Mathieu Biselx was climbing with three fellow members of the Swiss Alpine Club. They died in the avalanche that swept them down a gully on the UK's highest mountain.

The three men who died on Ben Nevis on Tuesday were a Swiss national and two French nationals.

They lived in the Valais region of Switzerland.

They had travelled to Scotland on Sunday with 30-year-old Mathieu Biselx, who is Swiss.

He was seriously injured in the avalanche and has been speaking to the Swiss newspaper, Le Nouvelliste, from hospital in Scotland. 

"It's terrible, they're not here anymore. They won't see their families again," he said of his climbing partners.

The four men were in Number 5 Gully on Ben Nevis when the avalanche struck.

"We weren't very high up and suddenly we heard a noise," Mr Biselx said.

"We looked round and two seconds later we were carried away by heavy, compact snow.

"When I regained consciousness only my head and an arm were sticking out of the snow."

Mathieu BiselxThe sole survivor - photo Mathieu Biselx Facebook


















Details of the victims emerged as warnings were issued about the continuing risk of avalanches in the Scottish highlands.

According to the Lochaber Mountain Rescue Team, whose volunteers were involved in the rescue, this was the third avalanche in Number 5 Gully in three days.

On Saturday evening four people were avalanched while climbing in the gully.

One was swept down the gully but was not buried or injured.

"We would urge climbers to check the SAIS avalanche information before heading out at moment," the team said.

"The high winds and snow are creating high avalanche risk conditions, with natural releases possible on certain aspects."

A major rescue operation was launched after reports of the avalanche just before midday on Tuesday.

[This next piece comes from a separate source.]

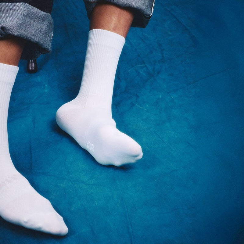 高機能素材「ドライクール」の使用により、汗をすばやく吸収・速乾し、足元をドライで清潔に保ちます。通気性に優れた足の甲と、かかと部分のメッシュ構造が熱を素早く外へ逃がし、ムレを防いで一日中快適な状態をキープします。また、足の甲をしっかりホールドするリブ編み構造が、着地時のブレを抑えてケガを予防し、テーピングのように安定感を与えてくれます。足裏には滑り止め加工が施されており、ソックスのズレや滑りを防止して安定したフィット感を実現します。

Mountain rescue teams rushed to the scene.

The Inverness Coastguard helicopter, three ambulances, an air ambulance and a trauma team were also despatched. 

Conditions were said to be extremely difficult with very high winds, snow, thunder and lightning.

Ben NevisBen Nevis - photo Lochaber Mountain Rescue Team














"Police Scotland is currently co-ordinating a mountain rescue response following reports of an avalanche on Ben Nevis this morning," said an initial statement from Police Scotland's Highlands and Islands Division.

"Police were informed that the avalanche had occurred in Number 5 Gully area at around 11:50am.

"We can sadly confirm that two people have died and two people have been injured.

"Volunteers from Lochaber Mountain Rescue Team and Glencoe Mountain Rescue Team remain at the scene and were assisted by the Maritime and Coastguard Agency and Scottish Ambulance Service."

In an update issued on Tuesday night Police Scotland said one of the two injured climbers had now died.

"This has been a challenging operation and I want to pass on my thanks to the mountain rescue teams, colleagues at the Maritime & Coastguard Agency and Scottish Ambulance Service for their assistance in extremely difficult conditions," said Fort William Inspector, Isla Campbell.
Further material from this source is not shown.